Hanshin Tigers – No. 47
- Pitcher
- Born: October 12, 1988 (age 37) Takefu, Fukui
- Bats: LeftThrows: Left

debut
- 2015, for the Hanshin Tigers

NPB statistics (through 2016)
- Win–loss record: 1–0
- ERA: 4.80
- Strikeouts: 12
- Stats at Baseball Reference

Teams
- Hanshin Tigers (2015 – );

= Shoya Yamamoto =

Japanese baseball player (born 1988)

Shōya Yamamoto (山本 翔也, Yamamoto Shōya) is a Japanese Nippon Professional Baseball pitcher for the Hanshin Tigers in Japan's Central League.

==Early baseball career==
During his younger years, Shōya's interest in baseball was largely influenced by his father who was an avid fan of the Hanshin Tigers. He started pitching in 3rd grade for the Takefu Blue Wave (little league) under the supervision of his father who was the team's manager, and continued playing for the "Takefu Boys" during junior high.

During his first year at Fukui University of Technology & High School, his team represented the prefecture to the Summer Koshien tournament, although he did not appear in any games. He played as the team's ace from the autumn of his 1st year until he graduated.
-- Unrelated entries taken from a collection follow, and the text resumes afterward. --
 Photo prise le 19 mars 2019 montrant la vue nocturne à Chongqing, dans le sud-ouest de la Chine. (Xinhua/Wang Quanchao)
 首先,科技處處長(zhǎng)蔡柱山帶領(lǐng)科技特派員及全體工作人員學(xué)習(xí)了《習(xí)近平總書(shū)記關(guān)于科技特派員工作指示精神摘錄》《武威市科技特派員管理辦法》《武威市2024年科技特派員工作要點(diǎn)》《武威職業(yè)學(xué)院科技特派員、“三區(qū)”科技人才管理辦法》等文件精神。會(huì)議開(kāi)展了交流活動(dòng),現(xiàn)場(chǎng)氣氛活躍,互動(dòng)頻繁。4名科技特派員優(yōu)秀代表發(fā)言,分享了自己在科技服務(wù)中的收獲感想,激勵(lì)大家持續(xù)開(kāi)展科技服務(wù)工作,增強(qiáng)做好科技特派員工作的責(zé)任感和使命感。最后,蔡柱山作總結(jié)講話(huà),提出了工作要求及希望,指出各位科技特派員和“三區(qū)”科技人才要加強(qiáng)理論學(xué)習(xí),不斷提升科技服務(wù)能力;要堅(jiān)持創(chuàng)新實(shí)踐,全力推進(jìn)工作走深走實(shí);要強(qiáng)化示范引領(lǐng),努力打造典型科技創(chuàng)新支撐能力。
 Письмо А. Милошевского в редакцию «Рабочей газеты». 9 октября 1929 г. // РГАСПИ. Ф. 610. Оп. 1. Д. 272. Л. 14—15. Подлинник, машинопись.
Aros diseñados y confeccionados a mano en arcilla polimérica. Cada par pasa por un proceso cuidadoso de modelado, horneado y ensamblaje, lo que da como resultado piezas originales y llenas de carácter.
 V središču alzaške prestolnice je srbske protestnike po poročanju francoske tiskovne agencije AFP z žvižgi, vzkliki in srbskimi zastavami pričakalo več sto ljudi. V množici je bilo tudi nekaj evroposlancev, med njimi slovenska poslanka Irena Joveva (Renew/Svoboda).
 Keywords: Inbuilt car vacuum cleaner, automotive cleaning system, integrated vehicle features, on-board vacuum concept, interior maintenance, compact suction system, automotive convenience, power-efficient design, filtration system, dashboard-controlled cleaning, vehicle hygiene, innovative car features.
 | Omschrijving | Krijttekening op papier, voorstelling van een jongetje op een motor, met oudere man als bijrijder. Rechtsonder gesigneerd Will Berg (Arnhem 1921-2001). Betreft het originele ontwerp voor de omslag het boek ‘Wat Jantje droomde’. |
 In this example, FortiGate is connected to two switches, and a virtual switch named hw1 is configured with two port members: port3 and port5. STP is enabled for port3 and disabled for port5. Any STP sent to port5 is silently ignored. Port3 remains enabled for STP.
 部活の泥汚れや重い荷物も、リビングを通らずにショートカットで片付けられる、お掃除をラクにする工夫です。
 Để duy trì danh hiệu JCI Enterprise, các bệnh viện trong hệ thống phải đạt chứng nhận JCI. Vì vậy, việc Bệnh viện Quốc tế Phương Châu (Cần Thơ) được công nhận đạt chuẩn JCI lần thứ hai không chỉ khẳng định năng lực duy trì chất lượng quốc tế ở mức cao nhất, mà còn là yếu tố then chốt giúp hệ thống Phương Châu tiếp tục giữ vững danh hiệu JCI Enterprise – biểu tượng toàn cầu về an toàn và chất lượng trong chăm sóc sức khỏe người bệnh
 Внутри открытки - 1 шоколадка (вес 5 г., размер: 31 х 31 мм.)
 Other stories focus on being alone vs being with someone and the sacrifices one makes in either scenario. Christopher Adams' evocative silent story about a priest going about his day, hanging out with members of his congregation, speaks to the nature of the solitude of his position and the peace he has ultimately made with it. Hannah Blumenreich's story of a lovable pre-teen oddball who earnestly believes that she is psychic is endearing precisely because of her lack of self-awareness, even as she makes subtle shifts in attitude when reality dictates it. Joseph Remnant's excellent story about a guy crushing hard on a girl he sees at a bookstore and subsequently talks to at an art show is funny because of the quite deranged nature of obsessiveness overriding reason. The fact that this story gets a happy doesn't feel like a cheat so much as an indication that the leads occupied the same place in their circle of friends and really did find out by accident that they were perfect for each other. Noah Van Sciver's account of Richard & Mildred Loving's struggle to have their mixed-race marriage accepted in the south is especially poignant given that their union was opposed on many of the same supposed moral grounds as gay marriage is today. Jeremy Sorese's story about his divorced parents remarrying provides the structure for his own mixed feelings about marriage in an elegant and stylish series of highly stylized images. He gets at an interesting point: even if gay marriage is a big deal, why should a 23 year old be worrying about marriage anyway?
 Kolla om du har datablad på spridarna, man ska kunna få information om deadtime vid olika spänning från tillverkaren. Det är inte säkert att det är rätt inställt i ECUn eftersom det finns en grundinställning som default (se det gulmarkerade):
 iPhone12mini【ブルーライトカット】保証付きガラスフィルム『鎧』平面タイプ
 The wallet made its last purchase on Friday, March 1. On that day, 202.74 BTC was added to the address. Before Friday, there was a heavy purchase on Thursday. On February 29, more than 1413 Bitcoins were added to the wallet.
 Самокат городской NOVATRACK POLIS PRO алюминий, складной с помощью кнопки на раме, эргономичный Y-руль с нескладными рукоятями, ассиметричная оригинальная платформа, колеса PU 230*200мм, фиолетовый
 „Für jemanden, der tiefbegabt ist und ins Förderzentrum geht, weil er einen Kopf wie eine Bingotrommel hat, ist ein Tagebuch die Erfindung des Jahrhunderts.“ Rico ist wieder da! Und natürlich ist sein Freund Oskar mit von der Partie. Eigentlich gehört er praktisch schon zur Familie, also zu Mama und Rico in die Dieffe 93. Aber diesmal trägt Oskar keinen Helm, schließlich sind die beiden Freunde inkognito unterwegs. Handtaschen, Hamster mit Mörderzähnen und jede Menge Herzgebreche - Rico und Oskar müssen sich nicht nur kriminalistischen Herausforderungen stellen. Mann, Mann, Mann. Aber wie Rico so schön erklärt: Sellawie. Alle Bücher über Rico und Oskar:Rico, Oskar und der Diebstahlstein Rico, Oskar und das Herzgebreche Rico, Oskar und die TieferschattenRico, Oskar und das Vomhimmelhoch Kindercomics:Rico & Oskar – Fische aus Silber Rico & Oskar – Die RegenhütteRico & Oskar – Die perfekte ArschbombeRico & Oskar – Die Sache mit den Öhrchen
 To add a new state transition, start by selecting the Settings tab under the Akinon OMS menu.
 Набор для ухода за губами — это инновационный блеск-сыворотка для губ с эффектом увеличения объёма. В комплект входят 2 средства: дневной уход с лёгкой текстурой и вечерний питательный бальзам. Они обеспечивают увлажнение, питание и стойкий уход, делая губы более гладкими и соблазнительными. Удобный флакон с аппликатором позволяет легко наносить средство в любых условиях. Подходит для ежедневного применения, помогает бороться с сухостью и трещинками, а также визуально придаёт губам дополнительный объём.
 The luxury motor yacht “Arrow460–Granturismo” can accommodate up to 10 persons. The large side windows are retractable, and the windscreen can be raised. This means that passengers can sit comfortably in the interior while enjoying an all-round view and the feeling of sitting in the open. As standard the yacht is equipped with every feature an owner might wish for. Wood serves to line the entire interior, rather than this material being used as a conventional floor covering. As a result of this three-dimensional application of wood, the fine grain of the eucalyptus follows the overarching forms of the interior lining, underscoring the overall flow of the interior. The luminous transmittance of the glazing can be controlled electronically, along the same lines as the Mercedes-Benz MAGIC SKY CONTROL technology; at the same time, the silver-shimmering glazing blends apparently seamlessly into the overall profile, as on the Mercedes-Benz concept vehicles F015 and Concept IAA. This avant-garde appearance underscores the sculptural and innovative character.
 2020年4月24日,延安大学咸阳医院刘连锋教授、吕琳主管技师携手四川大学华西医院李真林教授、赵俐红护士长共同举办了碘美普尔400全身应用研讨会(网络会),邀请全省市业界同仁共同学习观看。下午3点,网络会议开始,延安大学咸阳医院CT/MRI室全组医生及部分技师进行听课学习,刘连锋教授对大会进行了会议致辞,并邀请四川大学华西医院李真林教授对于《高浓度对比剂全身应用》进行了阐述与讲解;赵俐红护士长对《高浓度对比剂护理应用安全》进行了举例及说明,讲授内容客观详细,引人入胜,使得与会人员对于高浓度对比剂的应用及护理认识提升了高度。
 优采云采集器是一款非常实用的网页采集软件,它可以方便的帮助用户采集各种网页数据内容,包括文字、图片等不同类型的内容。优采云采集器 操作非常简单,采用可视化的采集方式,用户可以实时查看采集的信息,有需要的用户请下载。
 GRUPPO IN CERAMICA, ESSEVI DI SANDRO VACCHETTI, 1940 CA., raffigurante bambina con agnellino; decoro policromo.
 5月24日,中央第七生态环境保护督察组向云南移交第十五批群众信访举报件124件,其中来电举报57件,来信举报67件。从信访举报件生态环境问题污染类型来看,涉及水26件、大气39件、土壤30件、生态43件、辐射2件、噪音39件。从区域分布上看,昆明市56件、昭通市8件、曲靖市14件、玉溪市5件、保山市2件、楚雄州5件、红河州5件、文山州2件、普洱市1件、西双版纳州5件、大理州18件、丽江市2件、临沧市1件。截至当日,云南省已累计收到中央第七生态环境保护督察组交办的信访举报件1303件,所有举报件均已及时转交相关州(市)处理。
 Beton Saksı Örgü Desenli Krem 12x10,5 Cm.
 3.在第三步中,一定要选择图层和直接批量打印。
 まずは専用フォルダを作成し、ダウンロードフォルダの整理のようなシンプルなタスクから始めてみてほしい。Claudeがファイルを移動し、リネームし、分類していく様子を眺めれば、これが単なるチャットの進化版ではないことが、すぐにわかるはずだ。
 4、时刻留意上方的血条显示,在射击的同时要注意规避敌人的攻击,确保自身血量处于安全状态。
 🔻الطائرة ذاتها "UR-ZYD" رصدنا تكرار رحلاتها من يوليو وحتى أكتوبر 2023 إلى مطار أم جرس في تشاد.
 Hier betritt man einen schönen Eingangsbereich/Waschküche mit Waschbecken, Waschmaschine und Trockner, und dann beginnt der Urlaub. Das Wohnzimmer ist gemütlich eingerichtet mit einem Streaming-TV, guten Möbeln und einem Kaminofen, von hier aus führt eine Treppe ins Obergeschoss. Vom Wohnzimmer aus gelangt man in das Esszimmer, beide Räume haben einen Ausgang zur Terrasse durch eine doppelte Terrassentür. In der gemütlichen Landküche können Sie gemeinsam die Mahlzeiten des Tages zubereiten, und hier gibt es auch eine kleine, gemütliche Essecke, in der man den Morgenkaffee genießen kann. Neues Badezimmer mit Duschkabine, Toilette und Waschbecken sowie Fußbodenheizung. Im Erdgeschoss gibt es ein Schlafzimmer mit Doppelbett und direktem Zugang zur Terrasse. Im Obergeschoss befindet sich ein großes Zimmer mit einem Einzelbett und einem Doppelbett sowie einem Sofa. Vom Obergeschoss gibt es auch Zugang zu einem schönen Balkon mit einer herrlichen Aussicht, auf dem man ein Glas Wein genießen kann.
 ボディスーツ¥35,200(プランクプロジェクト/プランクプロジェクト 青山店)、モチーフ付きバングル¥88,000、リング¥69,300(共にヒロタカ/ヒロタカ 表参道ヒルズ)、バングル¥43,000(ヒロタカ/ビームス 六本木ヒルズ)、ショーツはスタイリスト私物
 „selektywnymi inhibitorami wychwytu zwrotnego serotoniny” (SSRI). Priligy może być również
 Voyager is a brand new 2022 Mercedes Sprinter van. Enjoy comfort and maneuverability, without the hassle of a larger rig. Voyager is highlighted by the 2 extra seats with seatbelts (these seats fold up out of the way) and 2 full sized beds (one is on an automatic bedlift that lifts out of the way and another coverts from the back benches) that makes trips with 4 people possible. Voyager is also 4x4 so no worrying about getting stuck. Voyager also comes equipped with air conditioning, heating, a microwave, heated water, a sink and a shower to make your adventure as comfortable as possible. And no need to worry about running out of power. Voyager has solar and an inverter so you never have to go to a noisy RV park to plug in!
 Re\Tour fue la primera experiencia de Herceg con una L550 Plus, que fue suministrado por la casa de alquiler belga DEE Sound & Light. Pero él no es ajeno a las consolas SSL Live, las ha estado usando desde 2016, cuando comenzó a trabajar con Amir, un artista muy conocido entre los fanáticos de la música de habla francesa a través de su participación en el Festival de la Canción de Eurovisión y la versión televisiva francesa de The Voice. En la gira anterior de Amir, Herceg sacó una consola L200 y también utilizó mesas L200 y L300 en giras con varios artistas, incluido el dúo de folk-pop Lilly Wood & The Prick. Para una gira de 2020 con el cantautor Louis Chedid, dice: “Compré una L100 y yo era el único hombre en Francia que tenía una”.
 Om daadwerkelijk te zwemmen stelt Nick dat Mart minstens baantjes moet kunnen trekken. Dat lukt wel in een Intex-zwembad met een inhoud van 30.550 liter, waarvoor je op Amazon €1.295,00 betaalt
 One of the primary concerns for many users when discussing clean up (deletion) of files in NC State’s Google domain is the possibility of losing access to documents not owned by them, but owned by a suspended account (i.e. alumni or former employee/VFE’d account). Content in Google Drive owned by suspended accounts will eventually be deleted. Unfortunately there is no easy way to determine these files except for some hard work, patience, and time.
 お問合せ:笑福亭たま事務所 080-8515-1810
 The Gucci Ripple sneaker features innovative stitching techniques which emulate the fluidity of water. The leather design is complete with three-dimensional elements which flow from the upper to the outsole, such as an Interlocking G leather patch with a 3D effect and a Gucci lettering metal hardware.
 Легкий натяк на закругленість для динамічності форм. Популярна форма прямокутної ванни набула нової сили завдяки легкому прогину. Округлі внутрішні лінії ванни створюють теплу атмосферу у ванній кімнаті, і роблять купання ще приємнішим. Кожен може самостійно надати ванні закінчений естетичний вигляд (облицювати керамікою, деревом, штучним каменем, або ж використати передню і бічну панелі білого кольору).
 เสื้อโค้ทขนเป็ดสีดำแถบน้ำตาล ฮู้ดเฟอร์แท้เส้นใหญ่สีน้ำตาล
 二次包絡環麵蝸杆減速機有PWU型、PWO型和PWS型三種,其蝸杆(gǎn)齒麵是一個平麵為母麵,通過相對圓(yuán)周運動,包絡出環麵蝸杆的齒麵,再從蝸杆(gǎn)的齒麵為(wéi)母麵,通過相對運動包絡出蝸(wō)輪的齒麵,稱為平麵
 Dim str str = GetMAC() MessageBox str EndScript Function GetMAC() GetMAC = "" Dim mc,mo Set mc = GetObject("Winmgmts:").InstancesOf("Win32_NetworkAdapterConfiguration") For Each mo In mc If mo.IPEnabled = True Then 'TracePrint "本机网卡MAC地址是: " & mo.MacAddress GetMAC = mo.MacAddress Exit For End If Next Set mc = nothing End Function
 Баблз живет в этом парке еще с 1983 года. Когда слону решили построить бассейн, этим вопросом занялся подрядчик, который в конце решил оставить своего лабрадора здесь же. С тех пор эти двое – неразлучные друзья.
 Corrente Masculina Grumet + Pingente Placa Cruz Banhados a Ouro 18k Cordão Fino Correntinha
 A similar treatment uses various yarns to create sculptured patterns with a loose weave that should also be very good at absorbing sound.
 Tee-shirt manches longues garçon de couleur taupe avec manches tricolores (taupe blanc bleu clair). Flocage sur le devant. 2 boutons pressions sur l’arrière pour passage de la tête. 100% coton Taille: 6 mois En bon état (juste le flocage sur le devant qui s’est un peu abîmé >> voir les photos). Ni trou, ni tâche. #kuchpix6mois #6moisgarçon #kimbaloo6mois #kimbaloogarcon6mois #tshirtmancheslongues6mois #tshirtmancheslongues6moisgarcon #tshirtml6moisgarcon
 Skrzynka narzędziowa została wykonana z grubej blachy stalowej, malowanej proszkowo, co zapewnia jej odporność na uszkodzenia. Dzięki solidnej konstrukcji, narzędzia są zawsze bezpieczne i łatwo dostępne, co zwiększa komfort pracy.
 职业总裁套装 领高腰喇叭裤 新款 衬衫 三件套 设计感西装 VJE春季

He entered Hosei University in Tokyo and continued pitching for its baseball team where he played with soon-to-be Hanshin teammate Kazuhito Futagami. His team was one of the regulars in the Tokyo Big6 Baseball League, but his game appearances were limited to only 6 innings (4 games) during his entire stay in university.

After graduation in 2010, he joined Oji Holdings Corp to play for the industrial leagues. In his 1st year, he was given the Best Pitcher Award during the Aichi Federation President's Cup, and from then onwards, he led his team to the intercity baseball tournament for 3 years straight.

==Hanshin Tigers==
He was the Hanshin Tigers' 5th round pick in the 2013 Nippon Professional Baseball draft.

===2014===

He was able to immediately join the main roster's spring training camp in February, which was considered quite an achievement for a rookie who was a 5th round pick or lower. Afterwards, he was given the chance to pitch in 4 pre-season exhibition games. On March 11, he suffered his first loss when he surrendered a home run to Giants rookie Seiji Kobayashi, and eventually lost his chance to make it to the opening day roster when he finished the preseason games with a 13.5 ERA.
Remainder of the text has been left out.